*INSTRUCTIONS TO FOLLOW*. Which lines of the data below contain "Black"? Please show them all.

*RECORDS SUPPLIED*.

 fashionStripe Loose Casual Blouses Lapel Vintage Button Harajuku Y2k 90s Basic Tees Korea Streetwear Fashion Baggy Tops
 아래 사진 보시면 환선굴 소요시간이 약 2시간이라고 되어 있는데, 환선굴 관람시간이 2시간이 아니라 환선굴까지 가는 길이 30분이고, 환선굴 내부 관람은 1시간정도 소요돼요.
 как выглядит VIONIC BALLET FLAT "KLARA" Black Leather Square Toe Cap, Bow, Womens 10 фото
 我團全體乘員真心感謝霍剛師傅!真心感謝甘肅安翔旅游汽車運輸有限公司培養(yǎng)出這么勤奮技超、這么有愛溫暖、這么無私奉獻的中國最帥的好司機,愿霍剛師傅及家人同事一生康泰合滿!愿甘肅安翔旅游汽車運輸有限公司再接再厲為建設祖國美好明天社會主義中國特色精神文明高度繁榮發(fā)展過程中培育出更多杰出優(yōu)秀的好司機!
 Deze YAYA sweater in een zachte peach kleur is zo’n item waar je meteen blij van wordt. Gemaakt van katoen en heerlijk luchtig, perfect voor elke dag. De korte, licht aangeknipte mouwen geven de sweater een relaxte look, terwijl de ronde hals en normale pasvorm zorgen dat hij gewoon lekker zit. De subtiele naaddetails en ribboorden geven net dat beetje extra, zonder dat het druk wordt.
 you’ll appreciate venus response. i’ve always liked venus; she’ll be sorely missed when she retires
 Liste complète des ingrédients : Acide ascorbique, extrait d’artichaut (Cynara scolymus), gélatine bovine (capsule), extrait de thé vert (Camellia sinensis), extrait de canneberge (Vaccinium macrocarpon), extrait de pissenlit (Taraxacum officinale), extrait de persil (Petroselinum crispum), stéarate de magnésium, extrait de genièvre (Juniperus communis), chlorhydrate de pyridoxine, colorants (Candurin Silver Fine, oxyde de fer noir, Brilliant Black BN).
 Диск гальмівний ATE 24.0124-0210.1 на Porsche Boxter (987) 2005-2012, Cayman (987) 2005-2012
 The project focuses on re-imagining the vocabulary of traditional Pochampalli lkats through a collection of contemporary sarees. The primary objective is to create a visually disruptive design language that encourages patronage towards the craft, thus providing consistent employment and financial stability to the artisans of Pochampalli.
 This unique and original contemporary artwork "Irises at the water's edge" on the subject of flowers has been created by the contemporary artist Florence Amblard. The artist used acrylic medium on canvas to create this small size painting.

*FINISHED EXERCISE*.
 как выглядит VIONIC BALLET FLAT "KLARA" Black Leather Square Toe Cap, Bow, Womens 10 фото
 Liste complète des ingrédients : Acide ascorbique, extrait d’artichaut (Cynara scolymus), gélatine bovine (capsule), extrait de thé vert (Camellia sinensis), extrait de canneberge (Vaccinium macrocarpon), extrait de pissenlit (Taraxacum officinale), extrait de persil (Petroselinum crispum), stéarate de magnésium, extrait de genièvre (Juniperus communis), chlorhydrate de pyridoxine, colorants (Candurin Silver Fine, oxyde de fer noir, Brilliant Black BN).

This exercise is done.